The Beginnings of al-Shabab
The newly-formed al-Shabab joined forces with the Islamic Courts Union (ICU), an alliance of hard-line Sharia courts in southern Somalia, and served as its youth militia.
The newly-formed al-Shabab joined forces with the Islamic Courts Union (ICU), an alliance of hard-line Sharia courts in southern Somalia, and served as its youth militia. In 2006, al-Shabab fought an insurgency against Somalia’s internationally-mediated Transitional Federal Government (TFG), which was set up in late 2004. In June of the same year, al-Shabab and ICU successfully seized control of the capital, Mogadishu, provoking fear in Somalia’s neighbor, Ethiopia. Six months later, U.S.-backed Ethiopian forces joined TFG troops and successfully forced ICU and al-Shabab out of Mogadishu.

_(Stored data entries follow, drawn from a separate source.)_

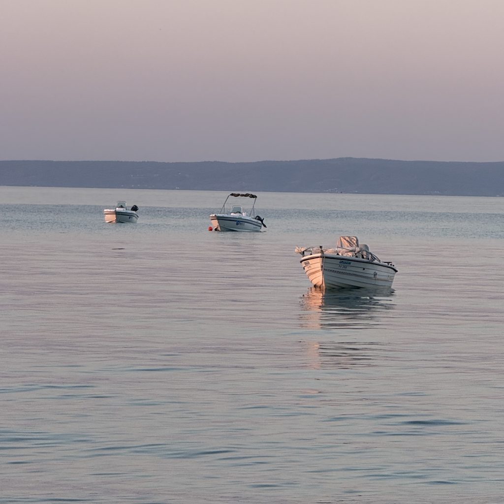Small boats anchored on calm water beneath a soft pastel sky and distant horizon, forming a quiet composition of stillness, balance, and suspended coastal light.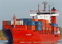 4. Schiff einer Serie baugleicher Feeder-Containerschiffe vom Sietas Typ 168b (13 Einheiten - keine deutsche Eis-Klasse, Open hatch-Containerschiff; offene, überdachte Nock, schwarze Fensterrahmen, 1 geschweißtes Deck), siehe auch >Larissa<, >Holland Maas Habana<, >Angela<, (>Actuaria<, >Ara Atlantis<, >Emily Borchard<), (>Max Linus Dede<, >Andante<) und (>Buxtehude<, >Dagmar<) - siehe auch >OOCL Nevskiy< (Standard-Typ 168) und >Maersk Flensburg< (Typ 168a) - Rumpfhersteller: Daewoo Mangalia Heavy Industries S.A., Mangalia, Jud. Constanta, Rumänien (Nr. 4043) - siehe auch >Ruth Borchard< (2008) |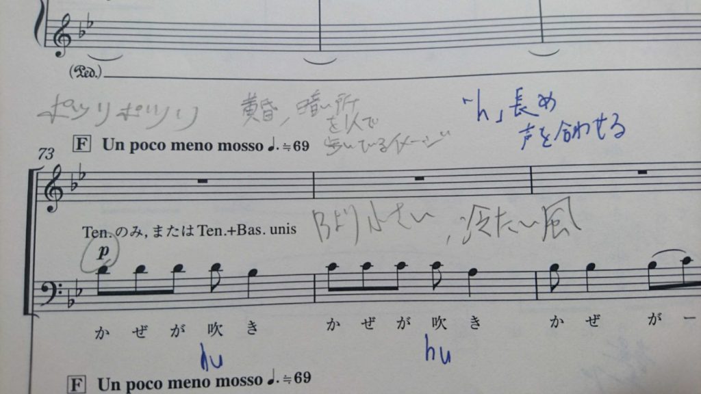 例えば、文学部志望の2年生が指揮を降る時は、詩の解釈を合唱する前に軽く話してくれたり、また、自分の得意な語学の知識を活かして、イタリア語の日本語訳がどのように対応しているのかを考えてくれたり、ある先輩団員はイントネーションについての知識を活かして、この歌詞の発音はこうした方が自然ではないかと教えてくれたり、と表現の手がかりをくれます。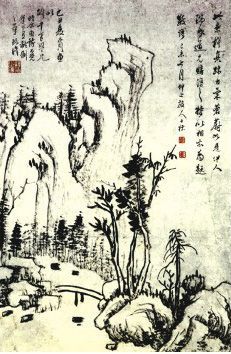 也许中国画里的诗意较多一点。画山水不是“春山烟雨”,就是“江皋烟树”,不是“云林行旅”,就是“春浦帆归”,只看画题,就会觉得诗意盎然。尤其是文人画家,一肚皮不合时宜,在山水画中寄托了隐逸超俗的思想,所以山水画的境界成了中国画家人格之最完美的反映。即使是小幅的花卉,像李复堂、徐青藤的作品,也有一股豪迈潇洒之气跃然纸上。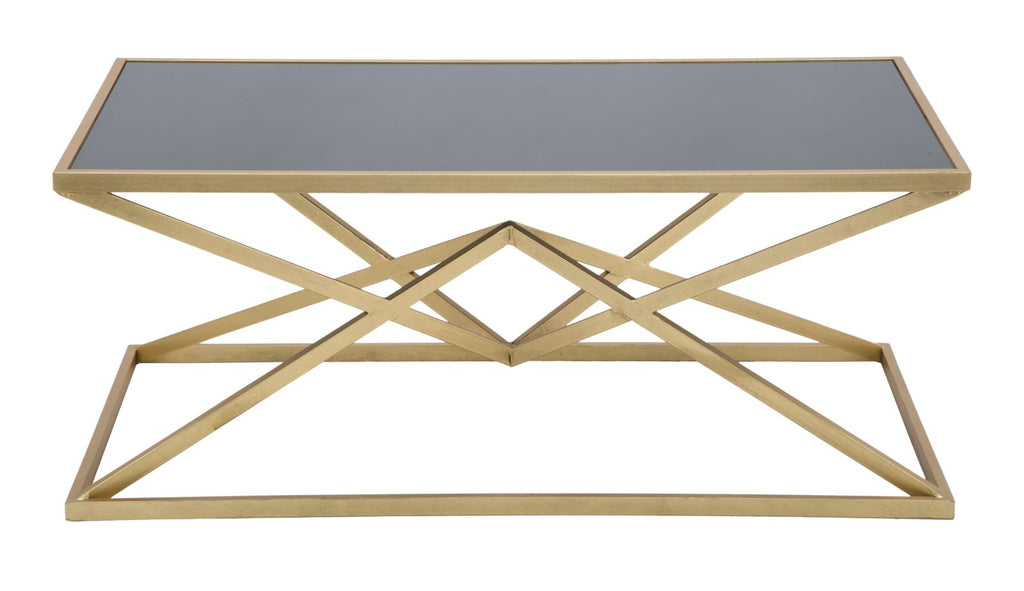 Piramid Couchtisch 110x60x45 cm in Eisen und Gold und schwarzem Glas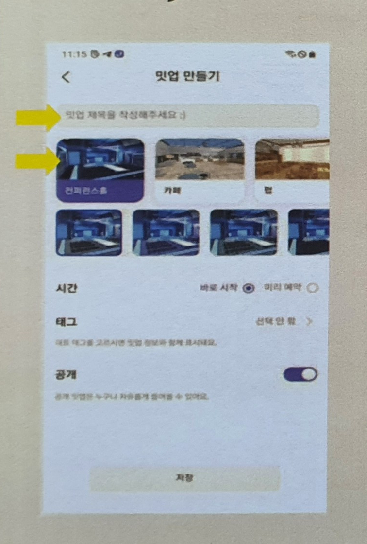 제목을 입력하면 생성되며 공간, 시간 공개 여부는 자동으로 설정되며 제목은 최대 20자까지 가능합니다.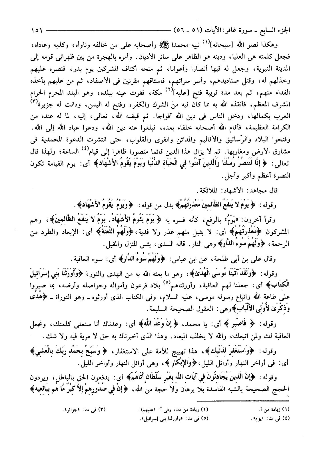 وَهَكَذَا نَصَرَ اللَّهُ [سُبْحَانَهُ] (1) نَبِيَّهُ مُحَمَّدًا صَلَّى اللَّهُ عَلَيْهِ وَسَلَّمَ وَأَصْحَابَهُ عَلَى مَنْ خَالَفَهُ وَنَاوَأَهُ، وَكَذَّبَهُ وَعَادَاهُ، فَجَعَلَ كَلِمَتَهُ هِيَ الْعُلْيَا، وَدِينَهُ هُوَ الظَّاهِرَ عَلَى سَائِرِ الْأَدْيَانِ. وَأَمَرَهُ بِالْهِجْرَةِ مِنْ بَيْنِ ظَهْرَانَيْ قَوْمِهِ إِلَى الْمَدِينَةِ النَّبَوِيَّةِ، وَجَعَلَ لَهُ فِيهَا أَنْصَارًا وَأَعْوَانًا، ثُمَّ مَنَحَهُ أَكْتَافَ الْمُشْرِكِينَ يَوْمَ بَدْرٍ، فَنَصْرَهُ عَلَيْهِمْ وَخَذَلَهُمْ لَهُ، وَقَتَلَ صَنَادِيدَهُمْ، وَأَسَرَ سَرَاتَهُمْ، فَاسْتَاقَهُمْ مُقَرَّنِينَ فِي الْأَصْفَادِ، ثُمَّ مَنَّ عَلَيْهِمْ بِأَخْذِهِ الْفِدَاءَ مِنْهُمْ، ثُمَّ بَعْدَ مُدَّةٍ قَرِيبَةٍ فَتَحَ [عَلَيْهِ] (2) مَكَّةَ، فَقَرَّتْ عَيْنُهُ بِبَلَدِهِ، وَهُوَ الْبَلَدُ الْمُحَرَّمُ الْحَرَامُ الْمُشَرَّفُ الْمُعَظَّمُ، فَأَنْقَذَهُ اللَّهُ بِهِ مِمَّا كَانَ فِيهِ مِنَ الشِّرْكِ وَالْكُفْرِ، وَفَتَحَ لَهُ الْيَمَنَ، وَدَانَتْ لَهُ جَزِيرَةُ (3) الْعَرَبِ بِكَمَالِهَا، وَدَخَلَ النَّاسُ فِي دِينِ اللَّهِ أَفْوَاجًا. ثُمَّ قَبَضَهُ اللَّهُ، تَعَالَى، إِلَيْهِ لِمَا لَهُ عِنْدَهُ مِنَ الْكَرَامَةِ الْعَظِيمَةِ، فَأَقَامَ اللَّهُ أَصْحَابَهُ خُلَفَاءَ بَعْدَهُ، فَبَلَّغُوا عَنْهُ دِينَ اللَّهِ، وَدَعَوْا عِبَادَ اللَّهِ إِلَى اللَّهِ. وَفَتَحُوا الْبِلَادَ وَالرَّسَاتِيقَ وَالْأَقَالِيمَ وَالْمَدَائِنَ وَالْقُرَى وَالْقُلُوبَ، حَتَّى انْتَشَرَتِ الدَّعْوَةُ الْمُحَمَّدِيَّةُ فِي مَشَارِقِ الْأَرْضِ وَمَغَارِبِهَا. ثُمَّ لَا يَزَالُ هَذَا الدِّينُ قَائِمًا مَنْصُورًا ظَاهِرًا إِلَى قِيَامِ (4) السَّاعَةِ؛ وَلِهَذَا قَالَ تَعَالَى: {إِنَّا لَنَنْصُرُ رُسُلَنَا وَالَّذِينَ آمَنُوا فِي الْحَيَاةِ الدُّنْيَا وَيَوْمَ يَقُومُ الأشْهَادُ} أَيْ: يَوْمَ الْقِيَامَةِ تَكُونُ النُّصْرَةُ أَعْظَمَ وَأَكْبَرَ وَأَجَلَّ.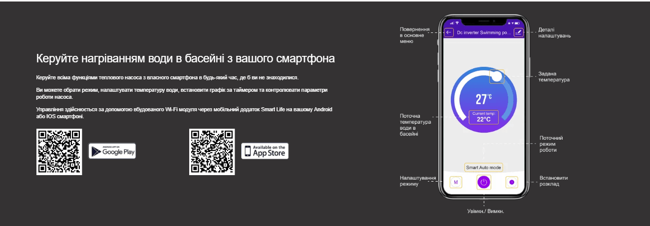 Вбудований контролер дозволяє вибирати режими роботи насоса, включаючи обігрів, охолодження або автоматичне підтримування заданої температури води. Крім того, за допомогою Wi-Fi модуля та додатка Smart Life ви можете керувати насосом з вашого смартфона в будь-який час та з будь-якого місця.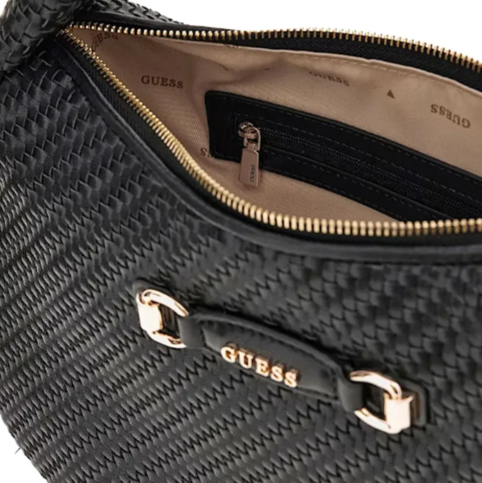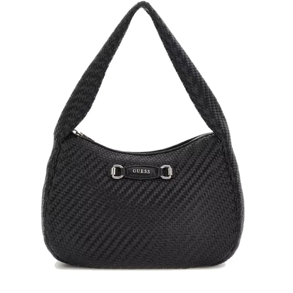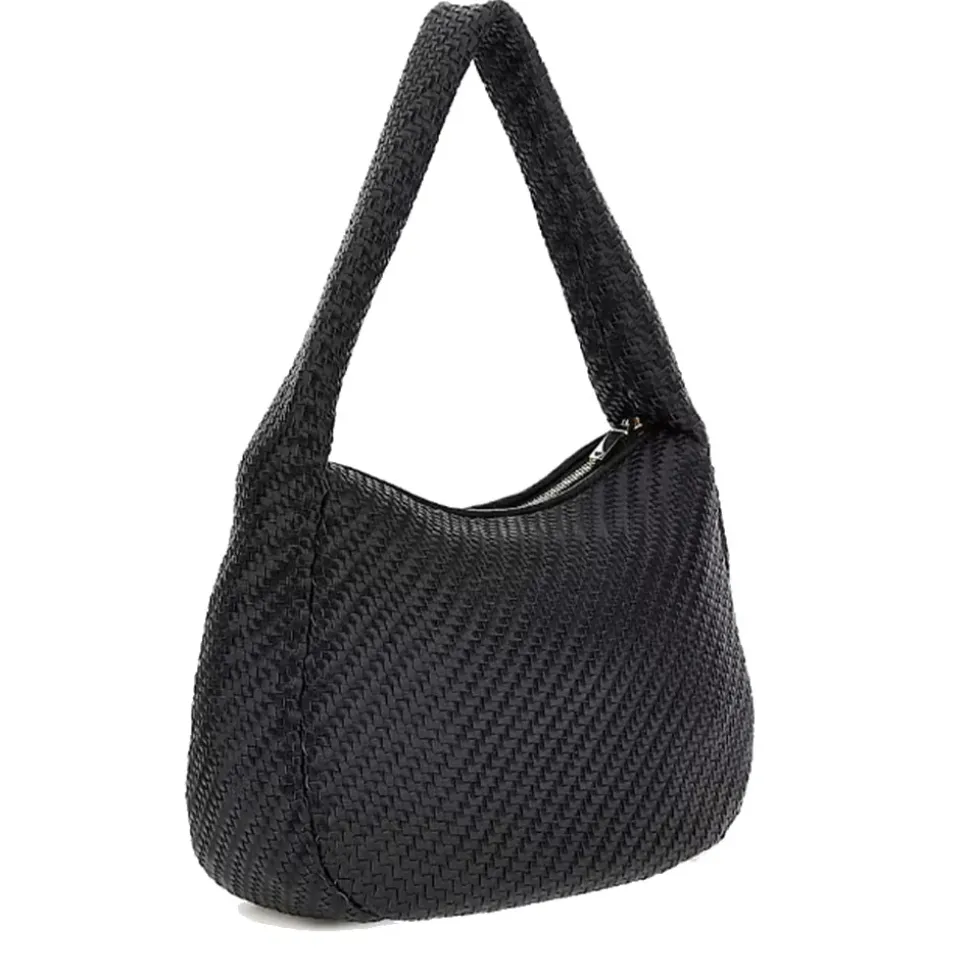 Borsa hobo a spalla in ecopelle intrecciata. Unico scomparto foderato, chiuso con zip. Dettagli metallici frontali e laterali. Logo frontale. Tasca interna chiusa con cerniera lampo.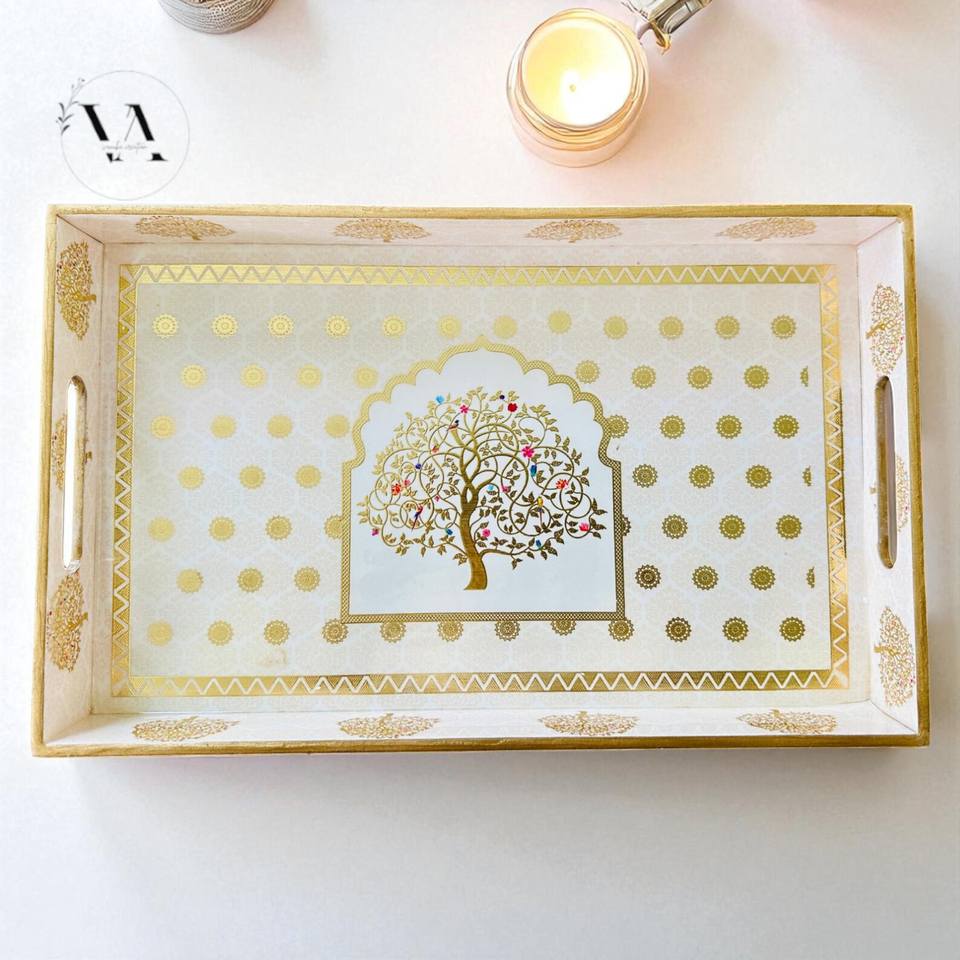 Plateau de service rectangulaire en bois plaqué or au design moderne, motif portrait, résistant à la chaleur, léger, décoration de Noël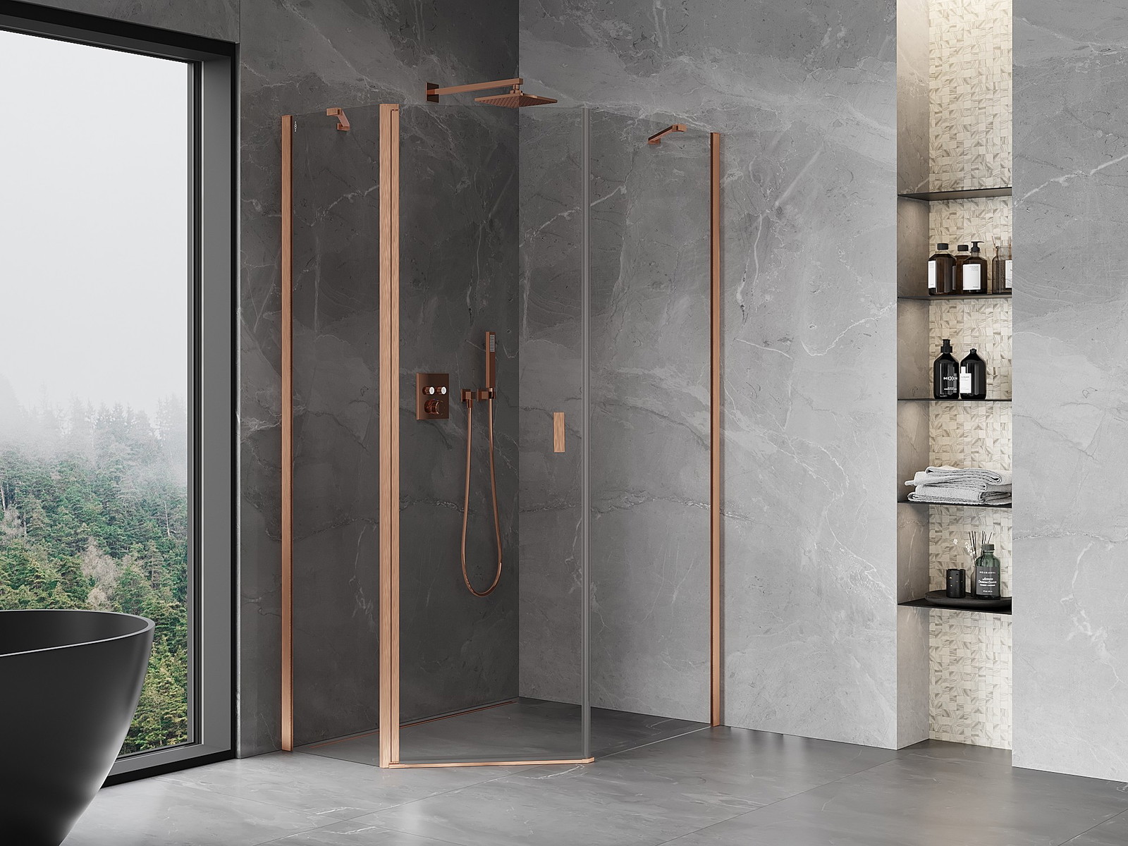 Mexen Mist asymetrická pětiboká sprchová kabina otočná 80 x 100 cm, transparentní, kartáčovaná měď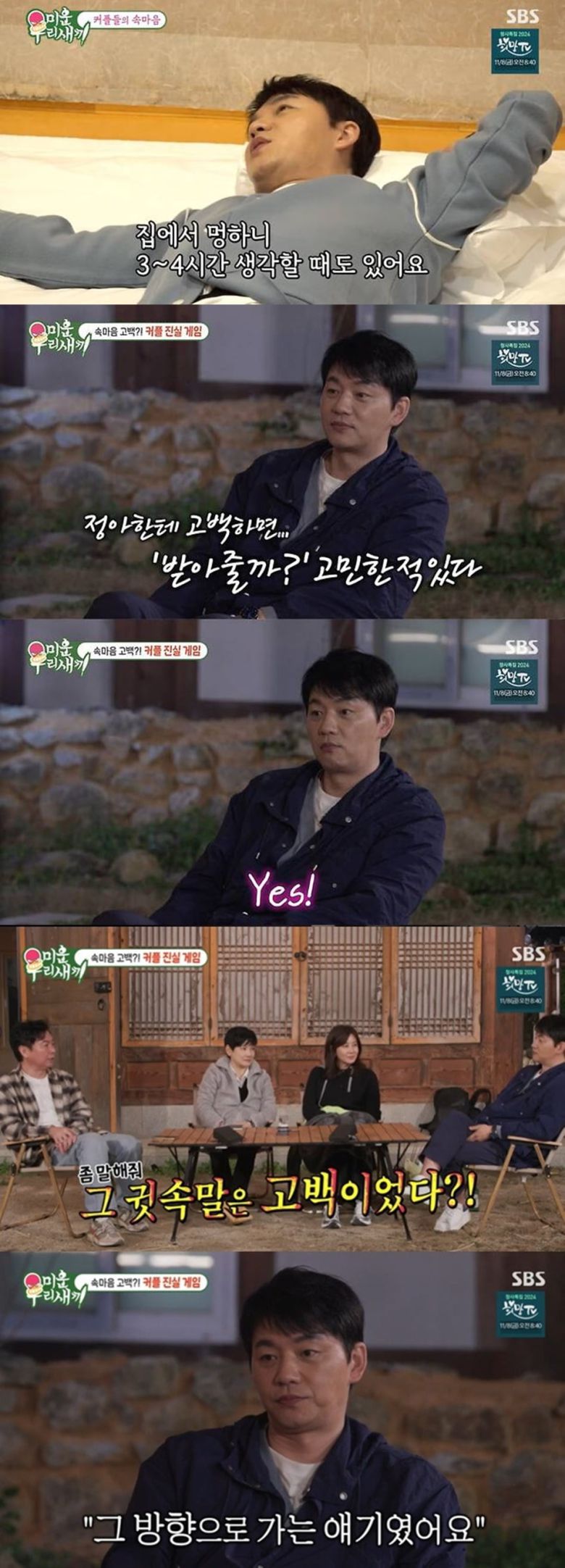 임원희가 “놀이공원 갔을 때인가 귓속말로 뭐라고 한 거냐. 너무 듣고 싶은데 안 들리니까”라며 묻자 김승수는 “안 가르쳐주지”라며 피했다.

When the TGF returned to power in 2007, the United Nations Security Council authorized the African Union to lead a peacekeeping force to protect the newly-restored government. The African Union Mission to Somalia, also known as AMISOM, is a peacekeeping force comprised of 22,0000 troops from Uganda, Burundi, Ethiopia, Kenya, and Djibouti. While AMISOM tried to restore peace in Somalia in the late 2000s, al-Shabab began to plan terrorist attacks beyond the country’s borders.
In 2010, the terrorist group executed suicide bombings that killed 74 people in the Ugandan capital of Kampala, marking its first attack outside of Somalia. “We are sending a message to every country who is willing to send troops to Somalia that they will face attacks on their territory,” Ali Mohamoud Rage, an al-Shabab spokesman, told reporters in response to the attacks. Ultimately, analysts have attributed the growth, militarization, and radicalization of al-Shabab to the interventions of Ethiopian and AMISOM forces.
The Radicalization of al-Shabab
When Addis Ababa forced ICU leaders to flee Somalia, they eliminated the only “moderating influence” on al-Shabab, according to Rob Wise, a counterterrorism expert. After the collapse of the ICU, al-Shabab became even more radical, driving them to sever ties with other Somali organizations. The terrorist group exploited Somalis’ discontent and resentment toward Ethiopia in order to recruit thousands of volunteers to their cause.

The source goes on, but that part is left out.